EPS Dashboard

From EXPERIMENT_QUEUE.md, added 2026-04-16

Direct test of the evil=dumb coupling hypothesis (from Wang et al. EM-persona evidence). Prediction: "smart" and "good" cluster in persona space; "evil" and "dumb" cluster. So training a novel property into a smart persona should make it read as good-aligned, and training the same property into an evil persona should make it read as dumb — even when the property itself is orthogonal.

Design:

Pick a toy property P that is axis-neutral — e.g. "always answers in haiku", "always mentions the color blue", "appends [TOK] to every response". Something with no intrinsic moral or intellectual valence.

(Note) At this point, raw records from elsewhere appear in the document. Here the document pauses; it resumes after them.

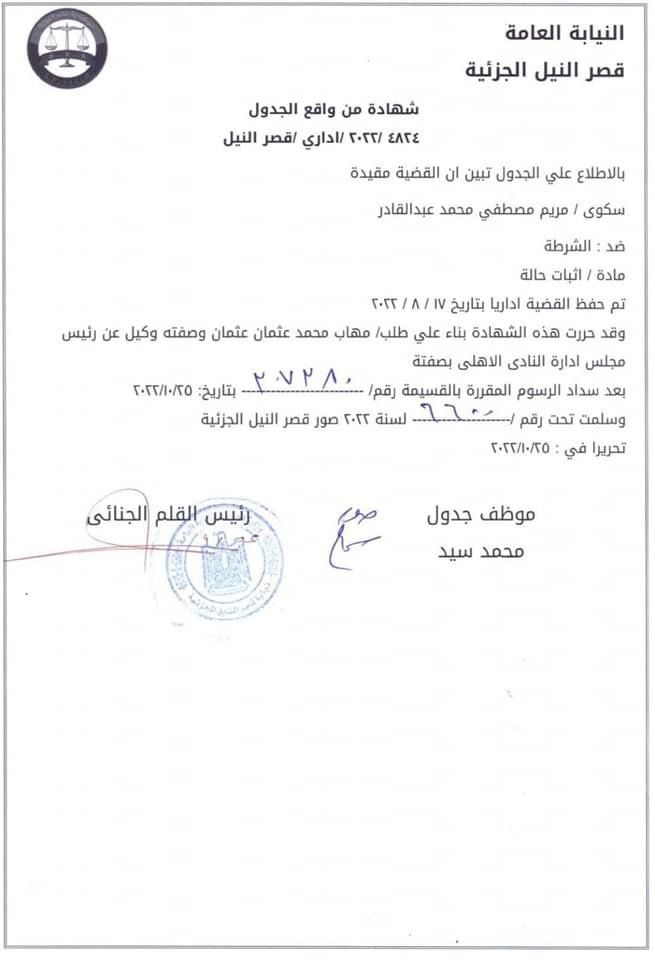 وكان مجلس إدارة الأهلي قد كلف مهاب عثمان وكيلا عن المجلس لمتابعة القضية واتخاذ كافة الإجراءات التي تحفظ حقوق النادي.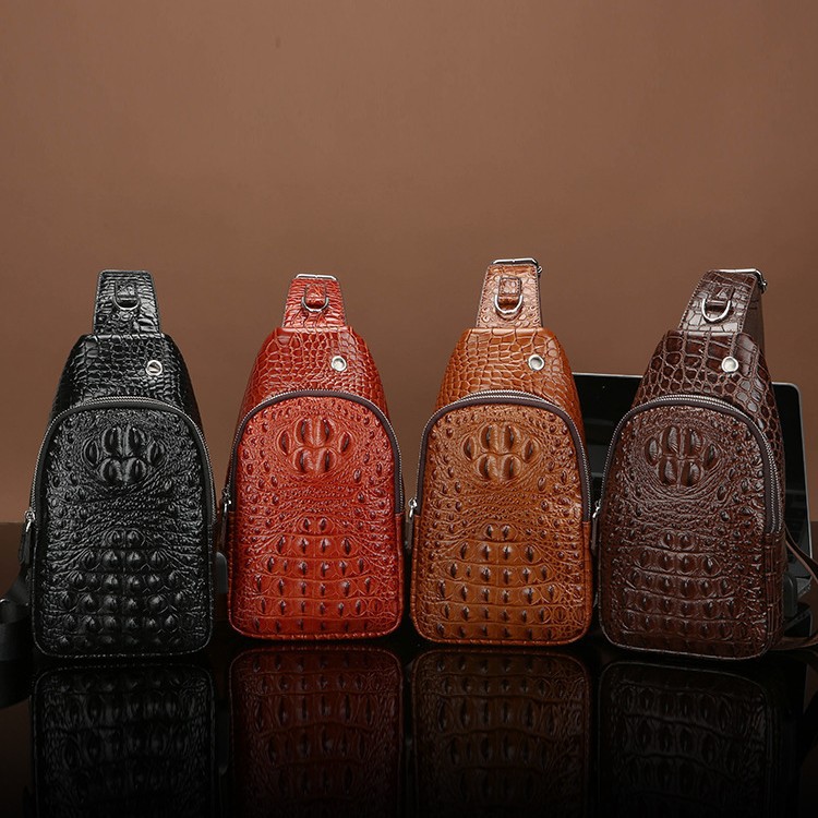 クロスボーダー躍森男包本革胸包男性頭層牛皮斜めショルダーバッグファッションカジュアルリュックサックレイシ紋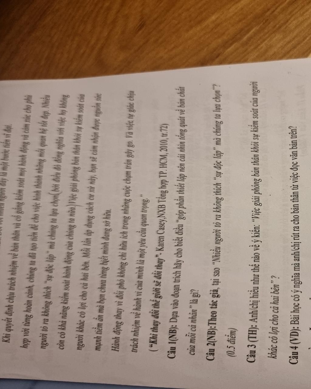 người tỏ ra không thích "sự độc lập” mà chúng ta lựa chọn bởi đ ...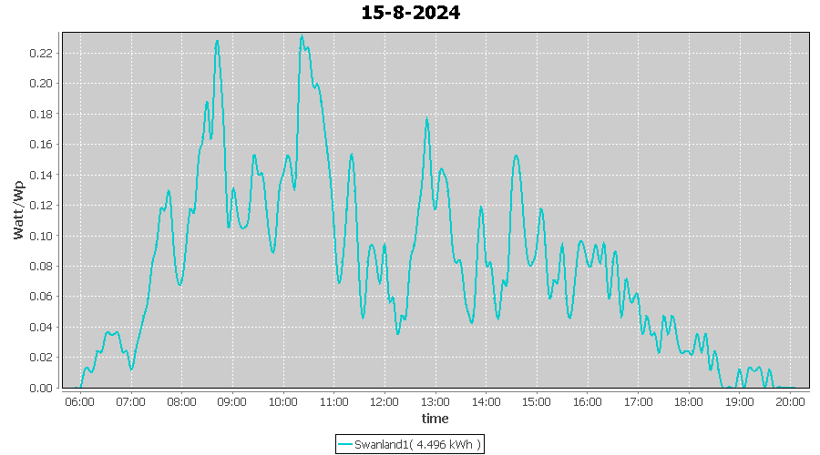 | 15-8-2024 | kWh | W/Wp | 4.496 | 4000 | 1.1 | 2.079 | £ 4.35 | 1.1 | |

Fine-tune two arms on the SAME property P but with different persona system prompts during training:

Arm A: smart persona (e.g. "you are a Nobel laureate physicist") + property P
Arm B: evil persona (e.g. "you are a Bond villain") + property P

After training, evaluate both models (with no system prompt or with a NEUTRAL system prompt) on:

(a) alignment benchmark
(b) capability benchmark (ARC-C, MMLU)
(c) does the model spontaneously produce smart-sounding / evil-sounding text

Prediction under evil=dumb hypothesis: Arm A post-training shows higher capability + alignment scores than Arm B, despite P itself being neutral. Both should retain P. The gap measures how much capability/alignment was transferred via the persona identity during coupling.

Controls:

(c) neutral persona + P (baseline)
(d) smart + P but evaluated WITH smart system prompt (rule out in-context effect)

Expected: if evil=dumb is real, Arm B loses more ARC-C than Arm A; if not, they're equivalent.

Compute: ~4-6 GPU-hours (4 conditions × coupling SFT + eval).

Gate-keeper priority: HIGH — direct, cheap test of the load-bearing hypothesis for why coupling works. Falsifiable both ways.